Instructions for the task: Every line containing the string "张参谋长那点儿事" should be returned from the records.
[Opening Records supplied section]
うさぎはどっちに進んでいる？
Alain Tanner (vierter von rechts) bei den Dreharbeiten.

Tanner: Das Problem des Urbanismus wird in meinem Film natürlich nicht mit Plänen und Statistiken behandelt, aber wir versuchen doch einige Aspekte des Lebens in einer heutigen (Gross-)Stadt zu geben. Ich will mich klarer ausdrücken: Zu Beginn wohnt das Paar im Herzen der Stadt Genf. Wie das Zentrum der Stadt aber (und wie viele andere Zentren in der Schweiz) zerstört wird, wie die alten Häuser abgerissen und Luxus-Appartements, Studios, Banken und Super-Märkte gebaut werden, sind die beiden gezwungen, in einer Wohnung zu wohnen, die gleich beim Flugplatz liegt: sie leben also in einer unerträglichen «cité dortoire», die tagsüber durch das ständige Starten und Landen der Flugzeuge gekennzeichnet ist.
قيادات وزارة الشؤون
[Closing Records supplied section]
[Opening Records supplied section]
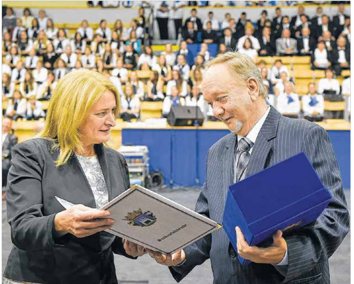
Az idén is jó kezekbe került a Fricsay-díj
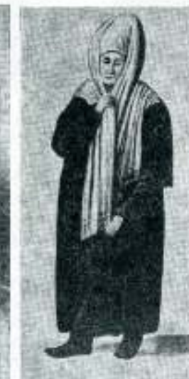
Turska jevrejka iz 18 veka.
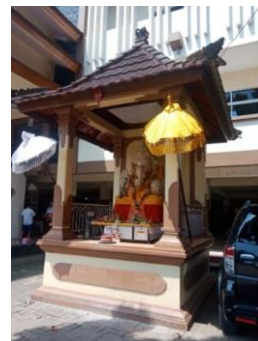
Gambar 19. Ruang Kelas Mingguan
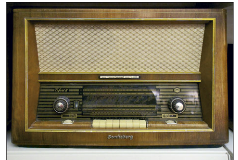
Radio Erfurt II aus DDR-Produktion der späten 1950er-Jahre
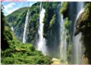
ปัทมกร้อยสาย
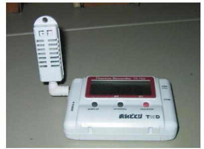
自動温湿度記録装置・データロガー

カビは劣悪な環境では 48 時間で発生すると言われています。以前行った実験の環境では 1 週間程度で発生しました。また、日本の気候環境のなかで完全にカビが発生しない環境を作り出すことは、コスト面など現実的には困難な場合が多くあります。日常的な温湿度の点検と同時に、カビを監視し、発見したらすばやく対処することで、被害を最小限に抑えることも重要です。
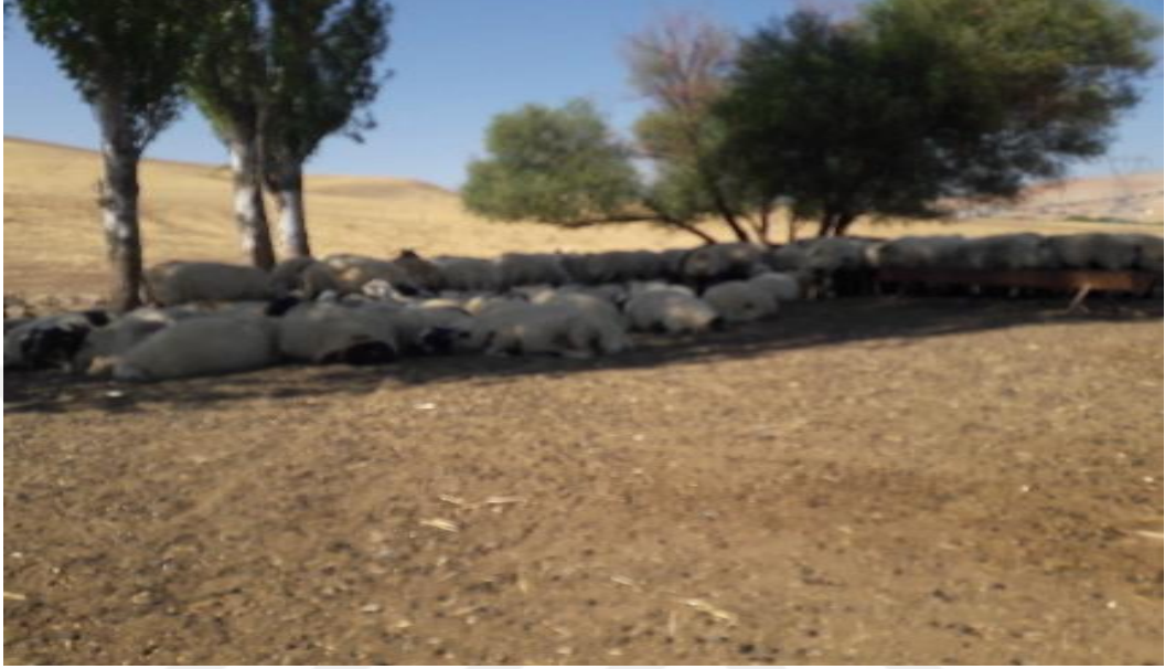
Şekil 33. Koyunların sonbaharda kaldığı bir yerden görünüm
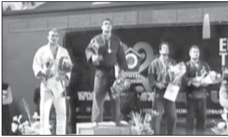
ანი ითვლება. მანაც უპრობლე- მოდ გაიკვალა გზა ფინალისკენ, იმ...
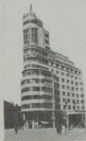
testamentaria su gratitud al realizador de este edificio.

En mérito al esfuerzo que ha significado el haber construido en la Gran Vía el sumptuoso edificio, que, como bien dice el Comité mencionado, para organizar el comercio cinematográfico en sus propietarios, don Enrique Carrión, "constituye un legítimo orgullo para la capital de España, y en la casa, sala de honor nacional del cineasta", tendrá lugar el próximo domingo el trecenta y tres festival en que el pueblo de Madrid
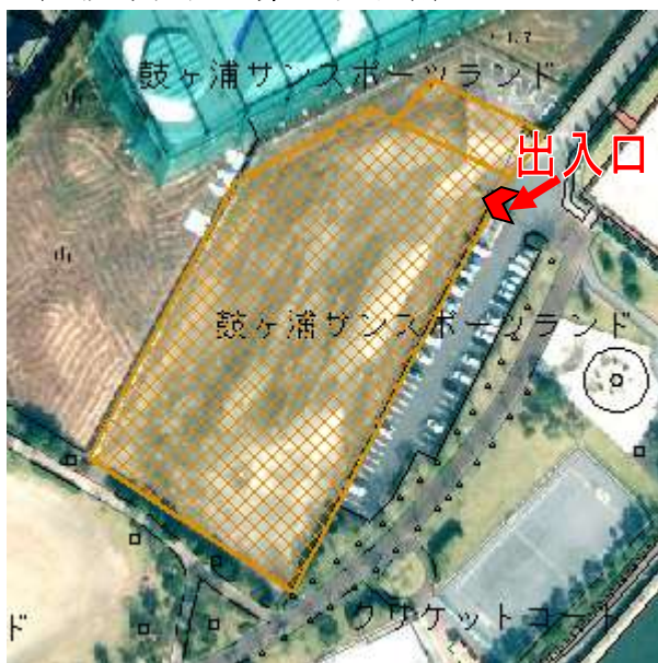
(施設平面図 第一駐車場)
[Closing Records supplied section]
[Opening Records supplied section]
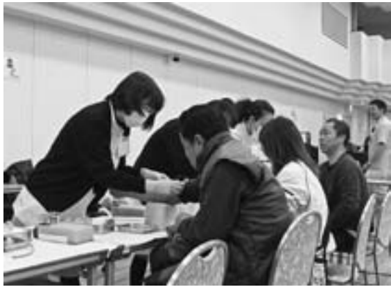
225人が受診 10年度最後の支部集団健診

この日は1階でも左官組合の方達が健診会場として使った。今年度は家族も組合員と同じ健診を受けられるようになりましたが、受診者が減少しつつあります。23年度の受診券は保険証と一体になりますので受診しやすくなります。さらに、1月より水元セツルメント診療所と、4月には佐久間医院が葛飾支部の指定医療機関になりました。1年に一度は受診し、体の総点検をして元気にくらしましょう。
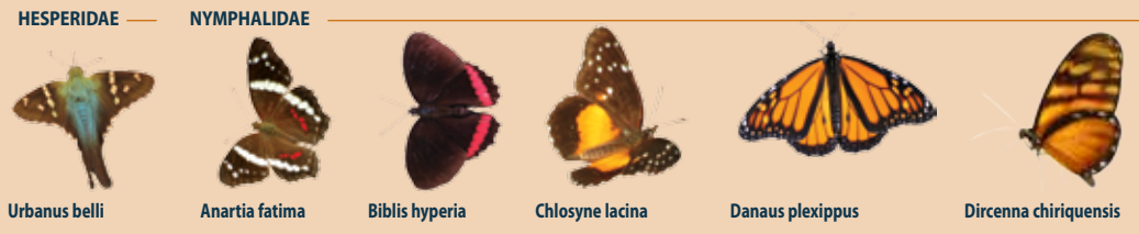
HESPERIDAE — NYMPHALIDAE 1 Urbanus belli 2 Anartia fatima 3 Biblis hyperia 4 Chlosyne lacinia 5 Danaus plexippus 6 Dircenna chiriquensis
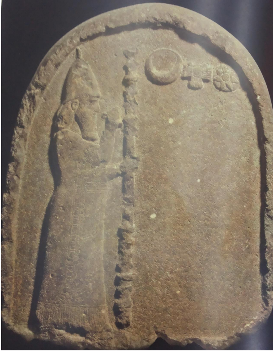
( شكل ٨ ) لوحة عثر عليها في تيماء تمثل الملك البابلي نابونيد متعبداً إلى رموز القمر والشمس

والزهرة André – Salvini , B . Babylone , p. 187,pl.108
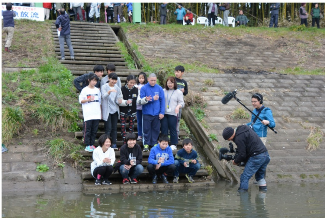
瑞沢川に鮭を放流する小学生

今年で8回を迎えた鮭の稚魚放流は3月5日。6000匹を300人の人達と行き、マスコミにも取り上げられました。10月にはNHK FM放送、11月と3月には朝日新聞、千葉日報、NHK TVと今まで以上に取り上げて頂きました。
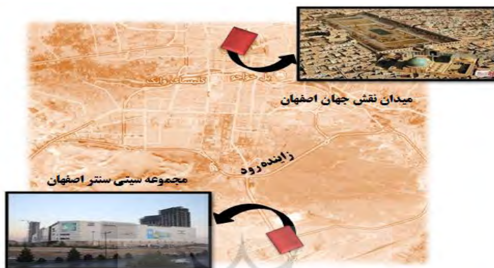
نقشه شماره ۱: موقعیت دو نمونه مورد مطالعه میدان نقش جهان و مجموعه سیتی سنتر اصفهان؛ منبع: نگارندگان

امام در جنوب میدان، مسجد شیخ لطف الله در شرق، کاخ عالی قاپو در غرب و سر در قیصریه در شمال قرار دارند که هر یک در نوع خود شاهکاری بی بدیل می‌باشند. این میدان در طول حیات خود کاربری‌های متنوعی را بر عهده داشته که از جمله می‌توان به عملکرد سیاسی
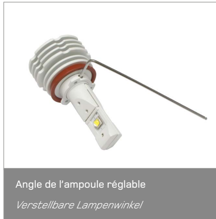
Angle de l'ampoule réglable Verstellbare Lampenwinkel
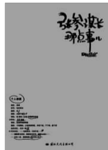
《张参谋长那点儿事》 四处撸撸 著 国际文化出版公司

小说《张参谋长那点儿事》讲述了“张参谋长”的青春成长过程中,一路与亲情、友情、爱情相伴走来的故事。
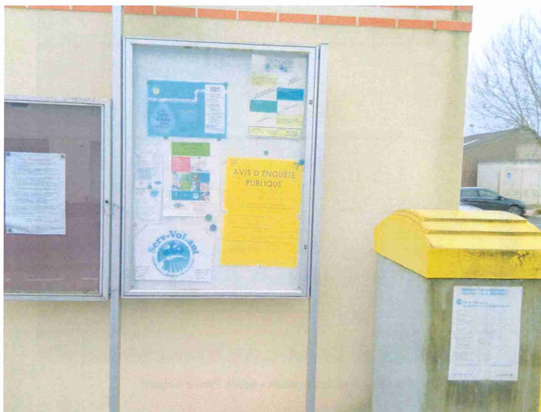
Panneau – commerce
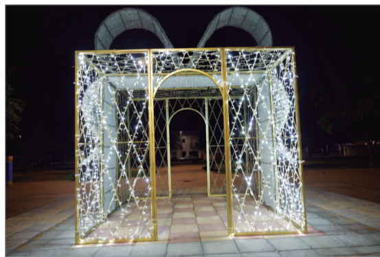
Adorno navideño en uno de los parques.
[Closing Records supplied section]
Exercise response:
《张参谋长那点儿事》 四处撸撸 著 国际文化出版公司
小说《张参谋长那点儿事》讲述了“张参谋长”的青春成长过程中,一路与亲情、友情、爱情相伴走来的故事。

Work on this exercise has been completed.